A field of inquiry
Somiology is an interdisciplinary field of study focused on understanding as a biologically enacted, event-structured, and contextually situated phenomenon.
It integrates insights from:
- phenomenology (lived experience),
- biology and neuroscience (enactment and stabilization),
- education (learning environments),
- and design (conditions for meaning-making),
while remaining reducible to none of them.
Core orientation
Somiology begins from several foundational commitments:
- Understanding is not a thing stored in the mind, but an ability to enact meaningful patterns of activity.

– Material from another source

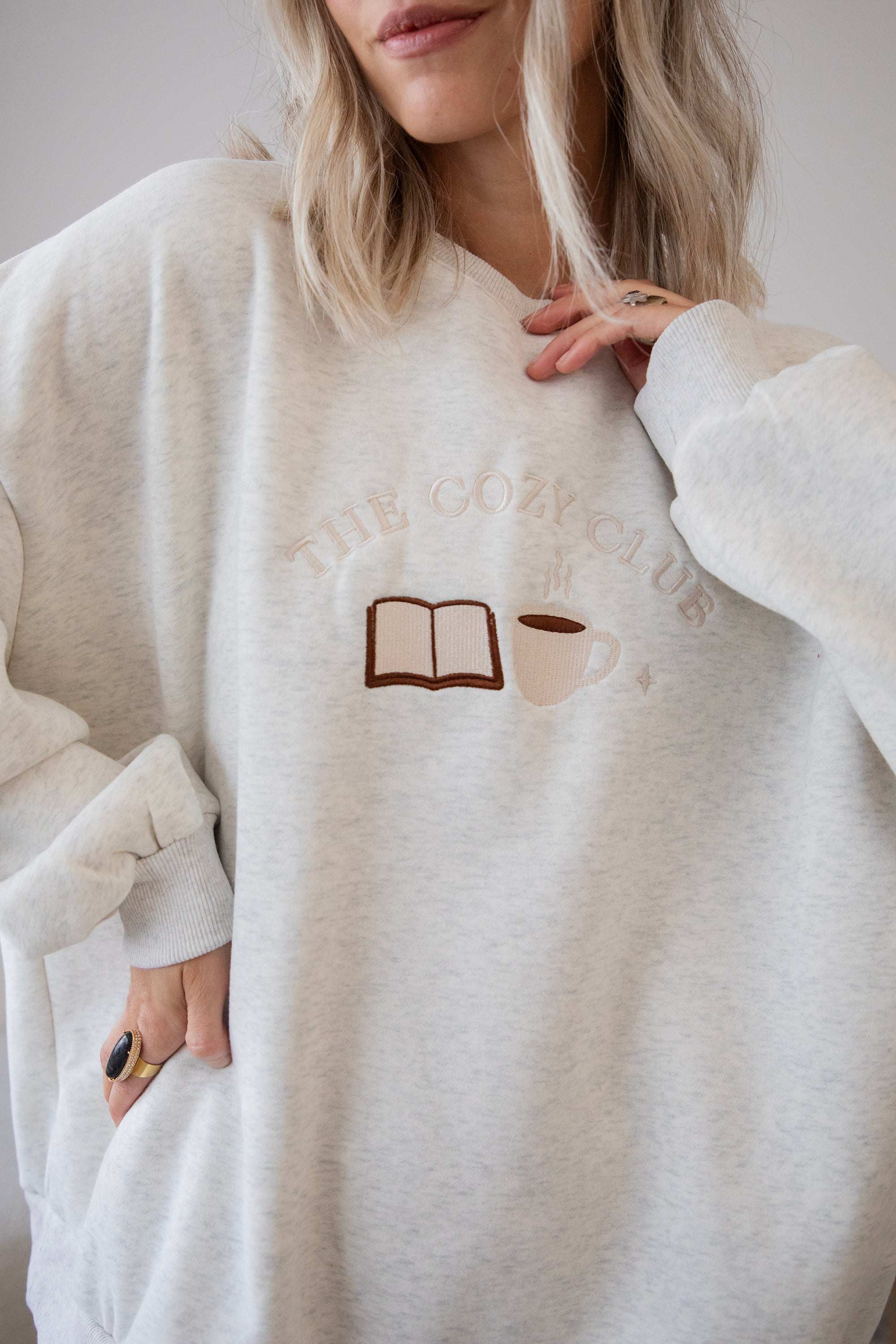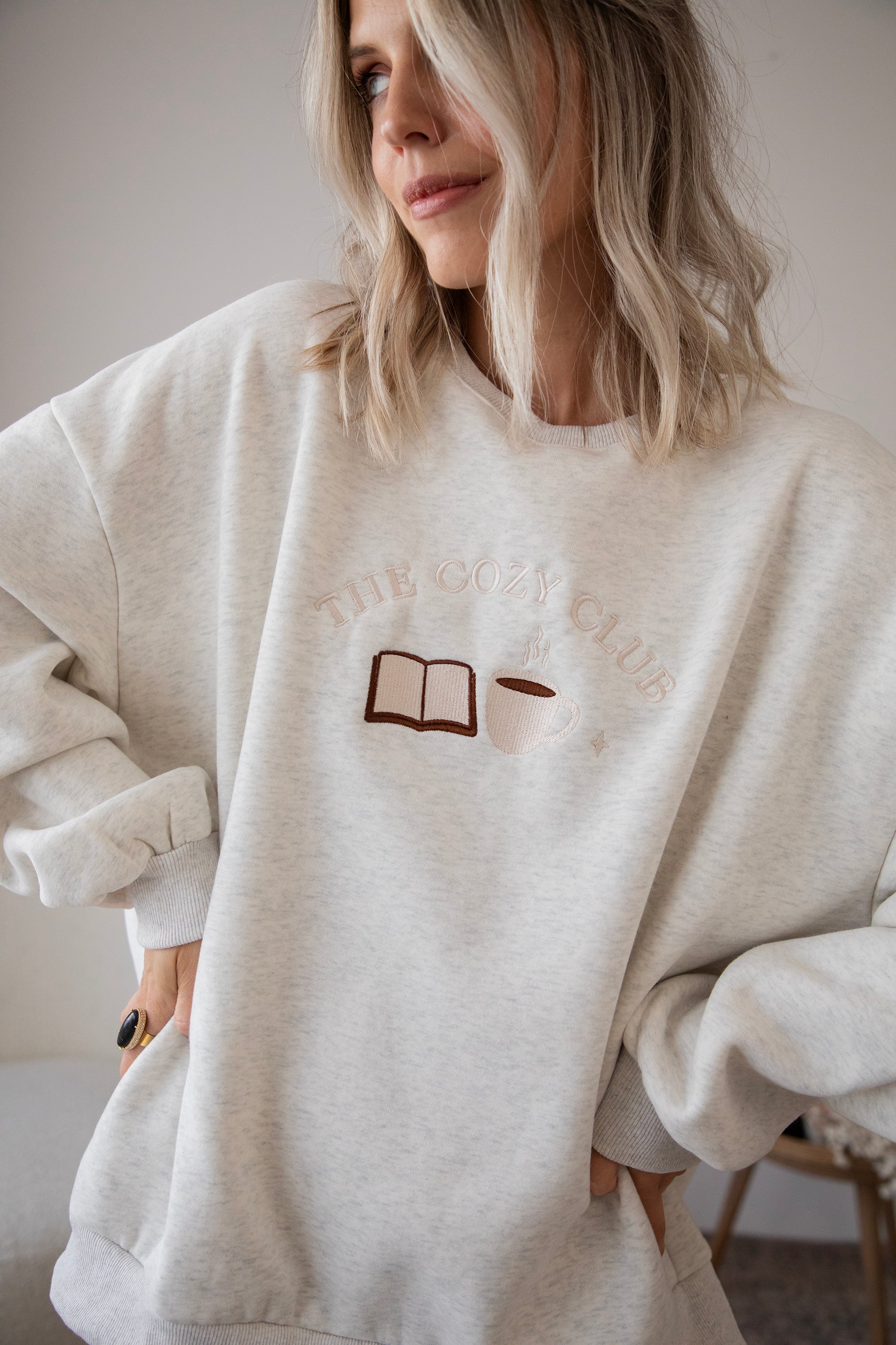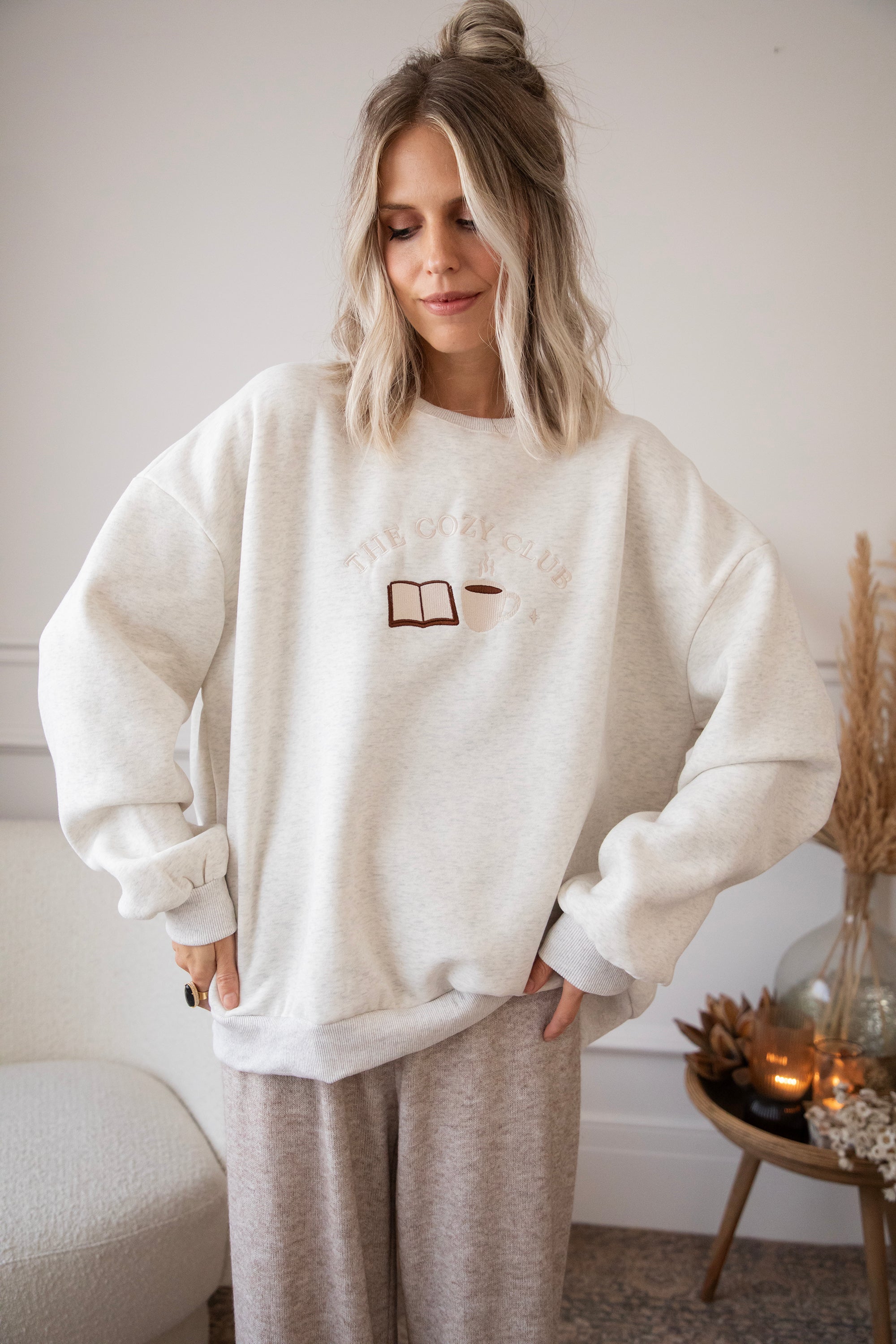 ellemillagirls… Willkommen im Cozy Club! 🤎 Dieser hellgraue Pullover ist heimlich mein Favorit aus der Kollektion 🥹 In der Mitte steht "The Cozy Club” in einer sanften Ton-in-Ton-Farbe, darunter ein süßes Büchlein und eine Kaffeetasse – alles, was gemütlich ist! Und wie cool sind diese kleinen Wärmezeichen über der Tasse? Hihi, es kommt eben auf die Details an ☕️

- Meaning does not reside in symbols or representations; symbols become meaningful only when they evoke lived event-structures.
- Understanding develops through biological stabilization across repeated and varied experiences.
- Context is not a background influence but a constitutive element of meaning itself.
In this view, what are often called “concepts” or “knowledge” are better understood as names for patterns of activity that must first be lived.
Events, not objects
Somiology treats events—not objects or abstract entities—as the basic unit of understanding.
An event is a coordinated unfolding of perception, action, intention, material engagement, affect, and context. Understanding consists in the nervous system’s ability to stabilize and flexibly re-enact such event-structures across situations.
This shift—from objects to events—has significant implications for learning, teaching, research, and assessment.